Kein schöner Anblick – diese letzten einsamen Fichten. Er ist bitter anzusehen, der Borkenkäferkahlschlag im Zittauer Stadtwald.

Früh noch schnell mit Hund frische Luft und Waldduft genießen. Die Seele dabei in der Natur baumeln lassen. Eine Prise Glück tanken. Sich fit laufen. Dabei ein paar Spuren raten und den Vögeln lauschen, Beeren pflücken und Pilze oder Naturdeko suchen. Ja, auch Hunde beschäftigen und waldtauglich erziehen. Das alles und noch mehr war für mich jahrzehntelang der Wald. Nun sollen es also nur der Klimawandel und der Borkenkäfer sein, die Schuld am Waldsterben sind? Nicht etwa die “industrielle Massenbaumwirtschaft” mit Monokultur und mächtig Ertragsdruck? Lange hab ich – bin schließlich nur Waldgast – alles geglaubt, was da so als Dringlichkeiten zum Schutz des Waldes beschlossen, gesteuert und uns gesagt worden ist. Erste Zweifel gab es schon, als mir dieser Typ was vom geheimen Leben der Bäume erzählte.

Das hier war mal ein richtiger Wald. 2021 ist der Anblick aber sehr verstörend. Die Fichten sind hin. Wege und Waldboden links und rechts unter den Reifen der “Schlachtmaschinen” zermahlen.

Noch vor zwei Jahren habe ich mit Darja genau da Pilze gesucht und viele (nicht nur Parasole) gefunden. Aber Pilze und Bäume brauchen einander.

Nein – ich verstehe es nun nicht mehr. Was da jetzt im Wald so läuft bzw. täglich kreischend und ganzjährig Bäume schreddert und überall Wald vernichtet, das ist so ähnlich wie der momentane Kampf unserer Oberen gegen Corona. Reiner Aktionismus, der nix bringt. Um das zu erkennen, muss man nicht Forstwirtschaft oder Medizin studieren. Ach ja – und wer mit Wäldern so wie derzeit umgeht, der muss eigentlich auch keine Wolfsmanagements oder Wolfsbüros mehr einrichten, denn in solchen Wäldern wollen und können Wölfe gar nicht leben.

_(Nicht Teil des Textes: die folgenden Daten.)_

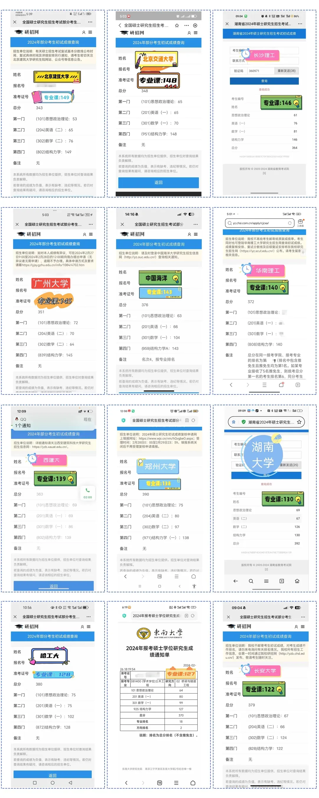 24年共有3857名同学报名了小鹿学姐的结构力学辅导班,其中898名同学结构力学拿到了130+的高分,761名同学结构力学拿到了120+的高分。东南大学、华南理工大学、上海大学等多个学校的初试前五名都有我们的学员。下面是一些学员的成绩截图:

Nicht ohne meine Fitnessuhr

. . . oder wie die Oma aus der neuen Corona-Isolation das Beste machen will

Der dritte Advent ist rum, aber von Weihnachtsstimmung keine Spur. Im Gegenteil. Selbst auf unserer einsamen Dorfstraße ist – wenn überhaupt noch wer – vorschriftsmäßig maskiert unterwegs. Es ist wieder Lockdown mit Ausgangssperren usw. Aber das Cockerchen und ich sind täglich auf Tour: in Wälder, um Seen oder ins Gebirge.

Darja stören die Ausgangsbeschränkungen und Reiseverbote nicht. Der Wald ist für sie immer wieder spannend.

Aber ich will diesmal gar nichts vom Hundchen, sondern von Omas neuen Spielzeugen erzählen. Diese Dinger hatte ich anfangs als Schrittzähler um den Hals, später im Handy integriert. Mit denen laufe ich durch die wunderbare oberlausitzer Landschaft und gegen den Diabetes und Kilos an. Zielvorgabe: 10 000 Schritte. Täglich. Draußen!! Wäre wohl mit der Uhr allein und ohne Hunde als die besten Fitnessmotivatoren der Welt nicht erfüllbar gewesen. Die Wuffs holen nämlich jeden Tag alle ihre Menschen runter vom Sofa. Immer mit ungebremster Freude – für beide Seiten.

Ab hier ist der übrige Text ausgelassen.